After WIRED asked Facebook about the 16 groups we identified, the company removed them and some WhatsApp groups were deactivated. “Scammers use every platform at their disposal to defraud people and are constantly adapting to avoid getting caught,” said Al Tolan, a Meta spokesperson. They did not directly address the accounts that were removed or were easily found. “The deliberate exploitation of others for money is against our policies, and we take action when we become aware of it,” Tolan said. “We continue to invest in technology and cooperate with law enforcement to help them prosecute fraudsters. We also actively provide tips on how people can protect themselves and their accounts and avoid fraud.”

Groups on Telegram were removed after WIRED notified the company’s press office; However, the platform did not respond to the reasons for the removal.

Across all types of social media, Yahoo Boys scammers share “scripts” that they use to socially manipulate people. These can be thousands of words long and can be copied and pasted to different victims.

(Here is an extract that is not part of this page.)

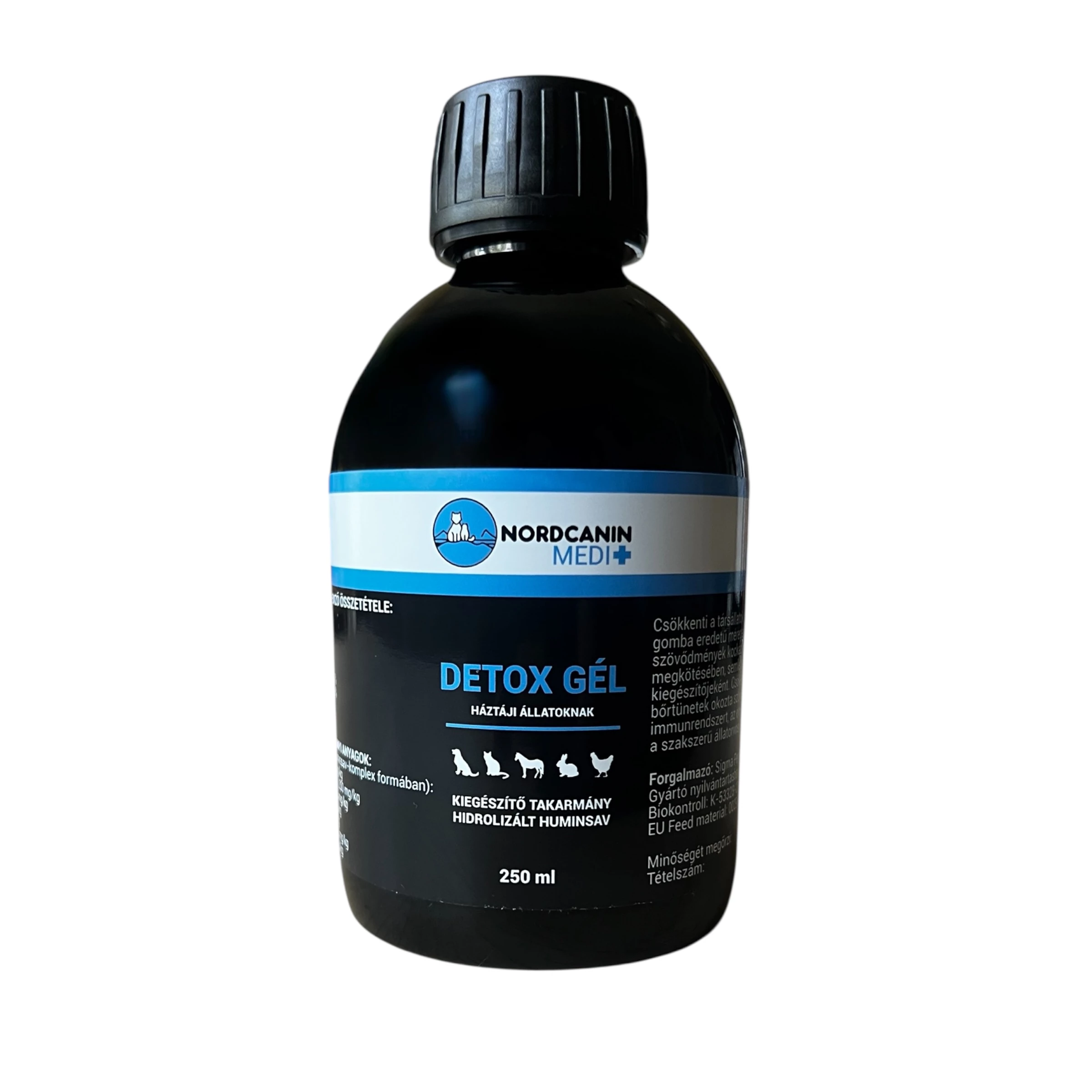 | A Nordcanin Medi Detox Gél a népszerű hidrolizált huminsav folyékony változata azoknak a gazdiknak, akik folyadékokat könnyebben adagolnak a kedvenceiknek. Kiemelkedő fulvosav tartalmának és a folyadékformulának köszönhetően természetes megoldást kínál a háziállatok allergiás és emésztési panaszainak enyhítésére, méregtelenítésre és az immunrendszer támogatására. Csökkenti a társállatok mérgezései (pl.: vegyszerek, növényi-, állati-, penész és gomba eredetű méreganyagok, nehézfémek, baktérium-toxinok) okozta szövődmények kockázatát. 10x hatékonyabb a szervezetbe került méreganyagok megkötésében, semlegesítésében és eltávolításában, mint az orvosi szén. | |

Many have been online for years. “I’ve seen some scripts that are 30 and 60 layers deep before the fraudster actually has to think of something else to say,” says Ronnie Tokazowski, chief fraud fighter at Intelligence for Good, which works with cybercrime victims. “It’s 100 percent how they manipulate people,” Tokazowski says.

Among the many scams, they pose as military officers, people offering “contacts,” the FBI, doctors, and people looking for love. A “Good Morning” script includes about a dozen messages that scammers can send to their targets. “In a world full of deceit and lies, I feel happy when I see the love in your eyes. Good morning,” says one. But it gets much darker.